Plugin Development Guide

This guide covers everything needed to build a custom backend plugin for Waldur Site Agent. It is written for both human developers and LLM-based code generators.

Waldur Mastermind concepts

Before implementing a plugin, understand how Waldur Mastermind concepts map to plugin operations.

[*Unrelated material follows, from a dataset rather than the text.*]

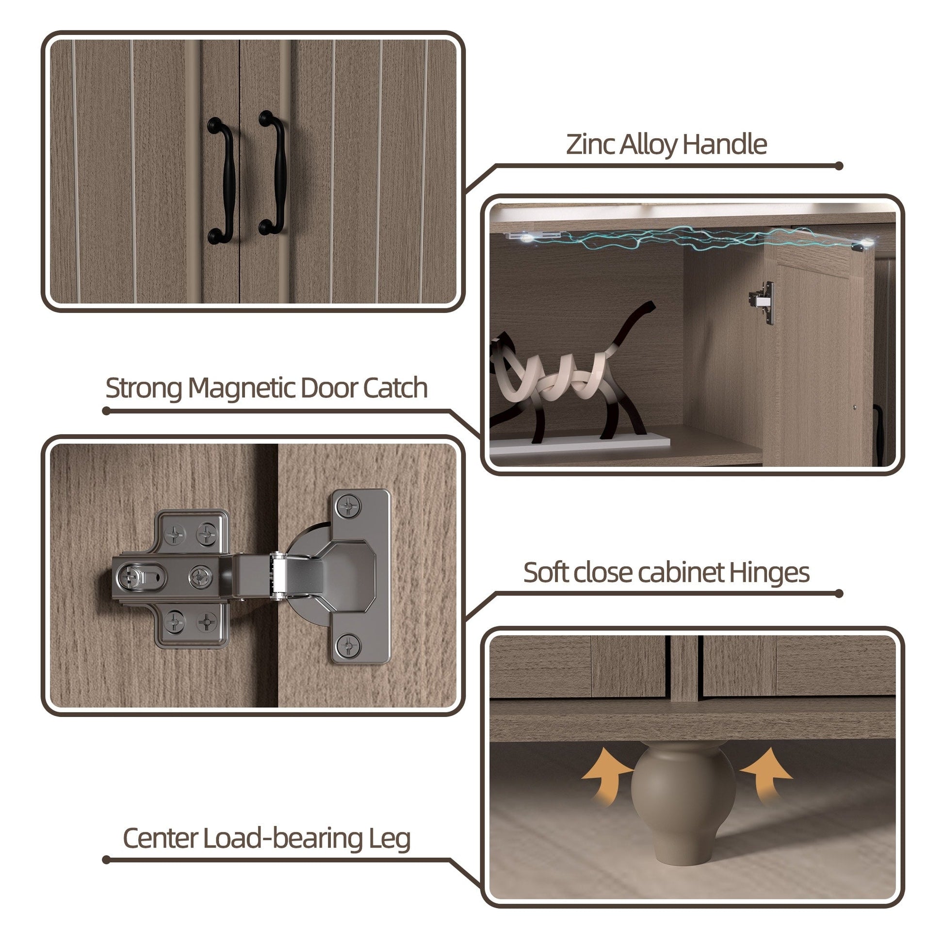 This buffet will be a great choice for your home. The buffet is designed by MDF materials and wooden legs, which is durable and water resistant. This cabinet includes 4 doors that may accommodate your kitchenware and other knickknacks. You can also choose to remove the shelf to store bulky goods. Staying organized has never been easier.

Waldur concept Description Plugin relevance
Offering Service catalog entry Config block per offering; picks backend plugin
Resource Allocation from an offering CRUD via BaseBackend; keyed by backend_id
Order Create/update/terminate request Triggers order_process mode
Component Measurable dimension (CPU, RAM) Defined in backend_components config
OfferingUser User linked to an offering Username backend generates usernames
billing_type usage or limit Metered vs quota accounting
backend_id Resource ID on the backend Generated by _get_resource_backend_id

Architecture overview

A plugin consists of two main classes:

  • Backend (inherits BaseBackend): Orchestrates high-level operations (create resource, collect usage, manage users).
  • Client (inherits BaseClient): Handles low-level communication with the external system (CLI commands, API calls).
 1
 2
 3
 4
 5
 6
 7
 8
 9
10
Waldur Mastermind
       │
       ▼
  Site Agent Core  ──►  YourBackend(BaseBackend)
                              │
                              ▼
                        YourClient(BaseClient)
                              │
                              ▼
                        External System (CLI / API)

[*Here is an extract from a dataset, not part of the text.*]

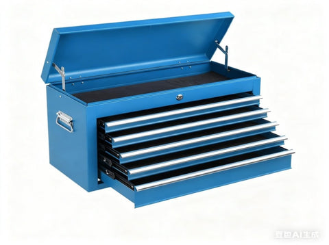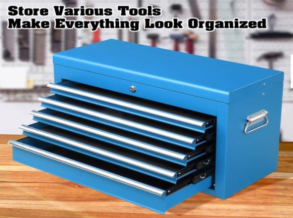 Product Description This blue 5-drawer steel tool chest is built to organize and secure your maintenance tools. Crafted from heavy-gauge steel, it supports up to 330 lbs—tough enough for daily use in garages, workshops, or job sites. The mix of 4 shallow and 1 deep drawers (fitted with protective liners) keeps tools sorted by size, while the keyed lock and drawer bar prevent unauthorized access and accidental sliding. With a lid support rod, smooth slides, and a side handle, this chest balances durability, security, and convenience for all your tool storage needs. Bullet Points 5-Sized Drawers & Protective Liners4 shallow drawers (20.9"L x 8.8"D x 1.6"H) + 1 deep drawer (20.9"L x 8.8"D x 3.3"H) fit tools of all sizes; non-slip liners protect tools from scratches and reduce noise. 330 lbs Capacity & Heavy-Steel BuildMade of thick steel for long-lasting durability; 330 lbs max load capacity supports a full set of maintenance tools (wrenches, screwdrivers, etc.). Secure Locking SystemKeyed lock secures all drawers ; drawer lock bar prevents accidental sliding during transport—keep tools safe at home or on job sites. User-Friendly FeaturesSmooth drawer slides for easy access; lid support rod holds the top open safely; built-in side handle enables convenient portability. Ready-to-Use Out of the BoxFully assembled—no setup required; includes drawer liners, 2 lock keys, and all functional accessories for immediate use.

BaseBackend method reference

Abstract methods (must implement)

ping(raise_exception: bool = False) -> bool

  • Mode: All (health check)
  • Purpose: Verify backend connectivity.
  • No-op: Return False.

diagnostics() -> bool

  • Mode: Diagnostics CLI
  • Purpose: Log diagnostic info and return health status.
  • No-op: Log a message, return True.

list_components() -> list[str]

  • Mode: Diagnostics
  • Purpose: Return component types available on the backend.
  • No-op: Return [].

_get_usage_report(resource_backend_ids: list[str]) -> dict

  • Mode: report, membership_sync
  • Purpose: Collect usage data for resources.
  • Return format:
1
2
3
4
5
6
7
{
    "resource_backend_id_1": {
        "TOTAL_ACCOUNT_USAGE": {"cpu": 1000, "mem": 2048},
        "user1": {"cpu": 500, "mem": 1024},
        "user2": {"cpu": 500, "mem": 1024},
    }
}
  • Key rules:
  • Component keys must match backend_components config keys.
  • Values must be in Waldur units (after unit_factor conversion).
  • TOTAL_ACCOUNT_USAGE is required and must equal the sum of per-user values.
  • No-op: Return {}.

_collect_resource_limits(waldur_resource) -> tuple[dict, dict]

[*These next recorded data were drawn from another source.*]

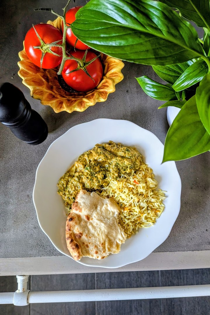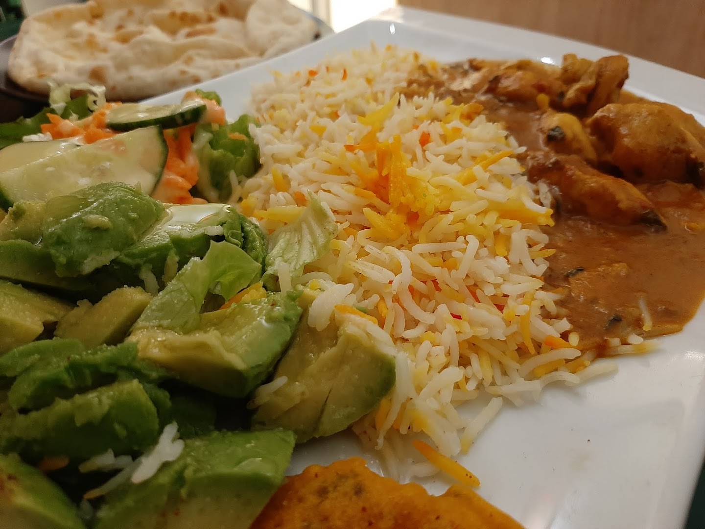 Блюдо: Biryani poulet. Описание блюда: Poulet désossé cuit avec du riz basmati, crème fraîche, safran du Cachemire, noix de coco, amandes, raisins secs, sauce au curry et coriandre.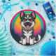 Ilustração de um animador cão animado sentado em frente a um fundo colorido do arco-íris, com um ambiente lúdico e cercado por uma paisagem serena de floresta, enfatizando alegria e arte vibrante.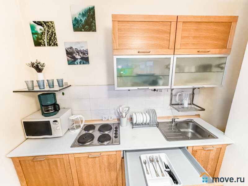 ?? Кухня с техникой: холодильник, плита, микроволновка, чайник.

  • Mode: order_process (resource creation)
  • Purpose: Convert Waldur limits to backend limits and back.
  • Returns: (backend_limits, waldur_limits) where backend_limits has values multiplied by unit_factor.
  • No-op: Return ({}, {}).

_pre_create_resource(waldur_resource, user_context=None) -> None

  • Mode: order_process (resource creation)
  • Purpose: Set up prerequisites before resource creation (e.g., parent accounts).
  • No-op: Use pass.

downscale_resource(resource_backend_id: str) -> bool

  • Mode: membership_sync
  • Purpose: Restrict resource capabilities (e.g., set restrictive QoS).
  • No-op: Return True.

pause_resource(resource_backend_id: str) -> bool

  • Mode: membership_sync
  • Purpose: Prevent all usage of the resource.
  • No-op: Return True.

restore_resource(resource_backend_id: str) -> bool

  • Mode: membership_sync
  • Purpose: Restore resource to normal operation.
  • No-op: Return True.

get_resource_metadata(resource_backend_id: str) -> dict

  • Mode: membership_sync
  • Purpose: Return backend-specific metadata for Waldur.
  • No-op: Return {}.

Hook methods (override as needed)

These have default implementations in BaseBackend. Override only when your backend needs custom behavior.

Method Default When to override
post_create_resource No-op Post-creation setup (homedirs)
_pre_delete_resource No-op Pre-deletion cleanup (cancel jobs)
_pre_delete_user_actions No-op Per-user cleanup before removal
process_existing_users No-op Process existing users (homedirs)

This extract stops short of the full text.